The revised peak shear strength criterion uses a new methodology where objective measurements of the average aperture between the joint surfaces of natural, unfilled rock joints derived from high-resolution optical scanning are used to estimate their matedness, as a step in the calculation of their peak shear strength. The main benefit of this approach is that aperture measurements can be obtained directly from visible rock mass exposures or from core-drilling.
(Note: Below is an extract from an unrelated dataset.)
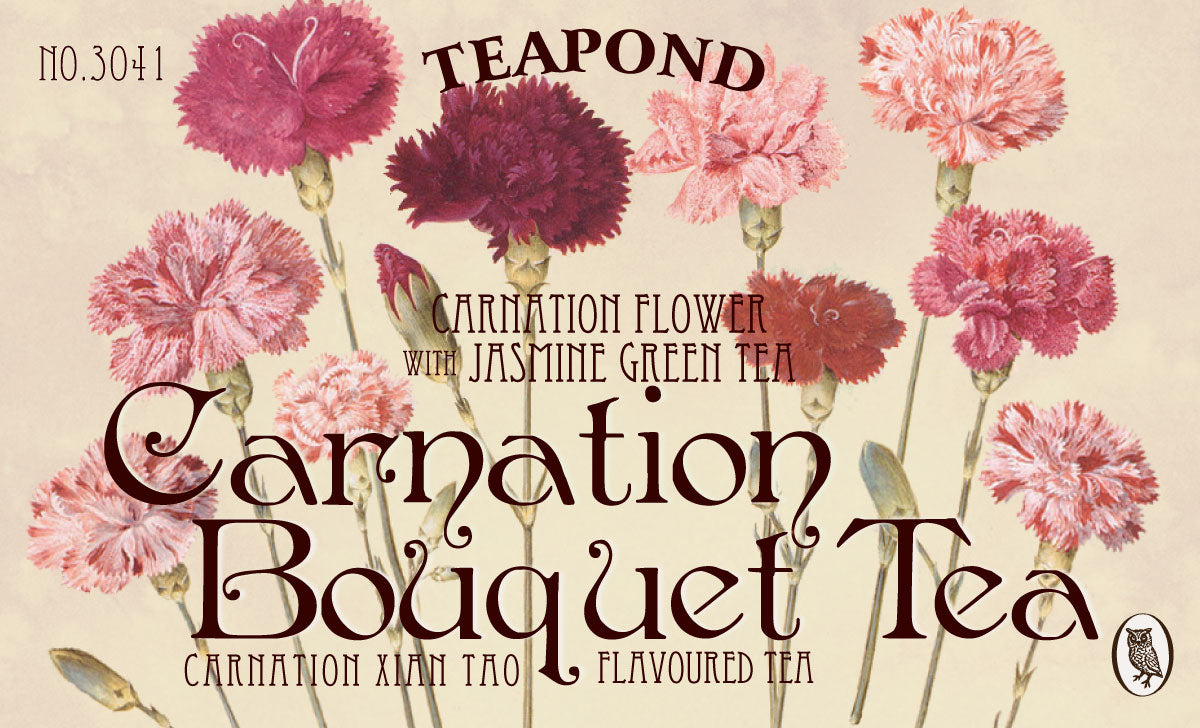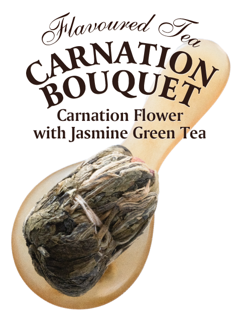 カーネーションを、ジャスミンティーで丁寧に束ねた、花束のように美しいお茶です。

This makes it possible to account for the influence of matedness on the peak shear strength of natural, unfilled rock joints under conditions where this otherwise is difficult to assess, such as the rock foundation under an existing concrete dam.

All samples were tested with low normal stress to joint wall compressive strength ratios of approximately 0.01. It is therefore recommended that further studies are conducted at higher levels of normal stress to joint wall compressive strength ratios to assess the applicability of the revised criterion under such conditions. The methodology presented in this paper has not yet been applied to large-scale natural, unfilled rock joints in the field. Further studies are required to study the applicability of the revised peak shear strength criterion at larger scales in-situ.